Jeff’s new Temporal Pooler
This is article 2 in a 3 part series about Temporal Pooling (TP) in MPF/CLA-like algorithms. You can read part 1 here. For the rest of this article we will assume you’ve read part 1.
This article is about the new TP proposed by Jeff Hawkins. The original TP was described in the CLA white paper. We will also assume you’ve at least had a quick read of the linked articles. Despite our best efforts this article is only an interpretation of those methods, and it may not be entirely correct or as Numenta intended.
Separation of internal and external causes
The first topic in Hawkins’ proposal covers the possible roles of specific cortical layers and the separation of internal and external causes.
Hawkins suggests that cortical layers 3,4,5 and 6 are all implementing variants of the same algorithm, with minor differences. He also suggests that each layer is performing all functions (Spatial Pooling, Sequence Memory and Temporal Pooling. In higher hierarchy levels, Spatial Pooling may be absent). In CLA, these 3 components are implemented as a matrix of sequence-memory cells. Rules concerning how and when the cells activate each other in different input contexts implement the pooling and prediction features.
Hawkins also states that one distinction between layers 3 and 4 may be that cells in layer 4 are using copies of motor actions (internal causes), to predict better. In consequence, cells in layer 3 are left trying to predict the actions that layer 4 could not predict, i.e. relying more on historically-observed sequential patterns of activation. Although both layers will learn sequential patterns of activation, layer 3 will rely more heavily on history. External causes will more often generate input that can’t be explained by motor actions, so we might expect layer 3 to more often respond to external events.
This article will not discuss these ideas any further. We note them for clarity and to distinguish our focus. Instead, we will talk about how the new CLA TP could be used to construct a hierarchical representation of changes in input patterns over time.

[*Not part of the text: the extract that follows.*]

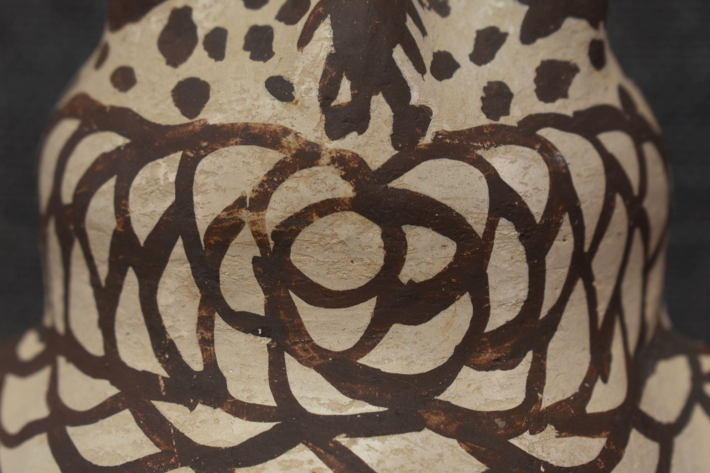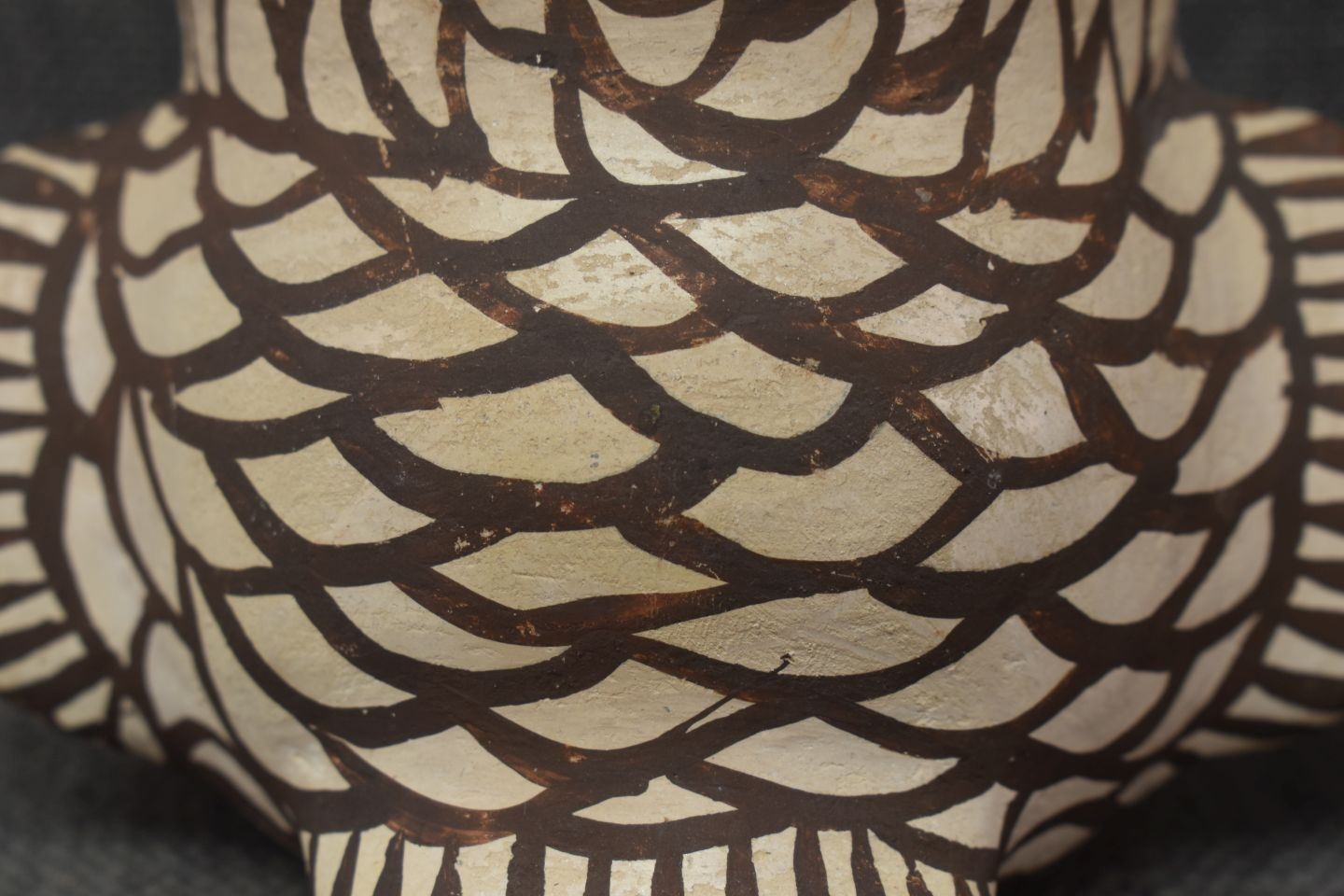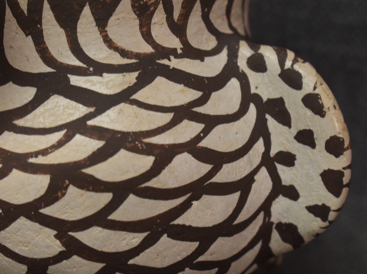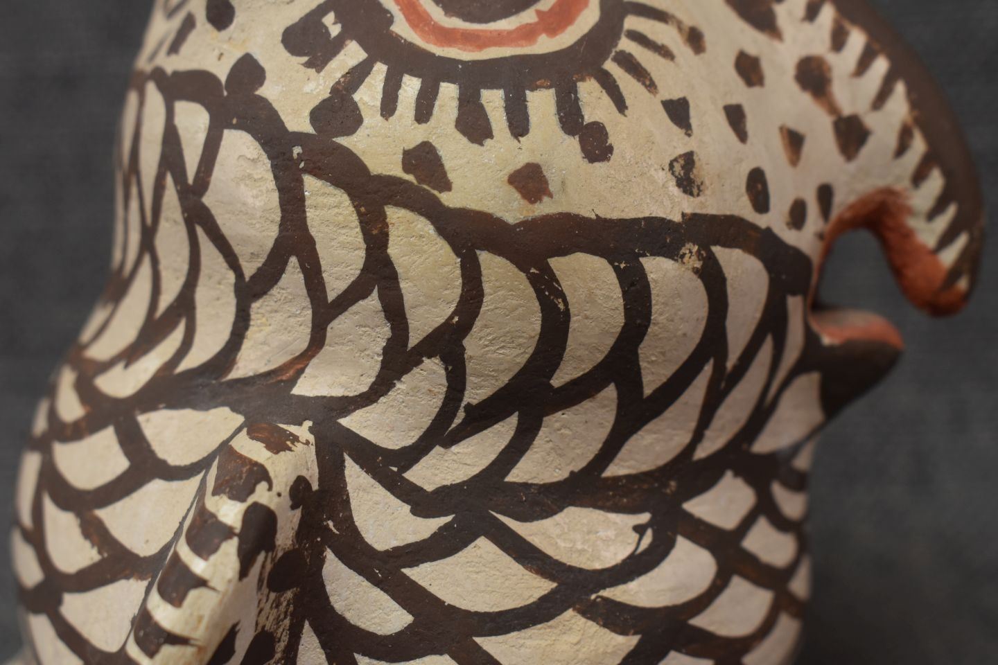 1930's Zuni, hand made pottery owl with polychrome painted design 4.5" x 5" x 4..5"

Another, related feature of the HTM and CLA temporal poolers is that they emit a constant pattern of cell activity to generate stability. This is achieved by marking cells as “active” regardless of whether they are active via prediction or via feedfoward input. Although active-by-prediction and active-by-FF-input are distinguished within the region for learning purposes, this distinction is not visible to the next higher region in the hierarchy.
Old Temporal Pooler Cell Activity
For reference, this is an outline of the TP functionality in the “old” TP from the Numenta CLA white paper.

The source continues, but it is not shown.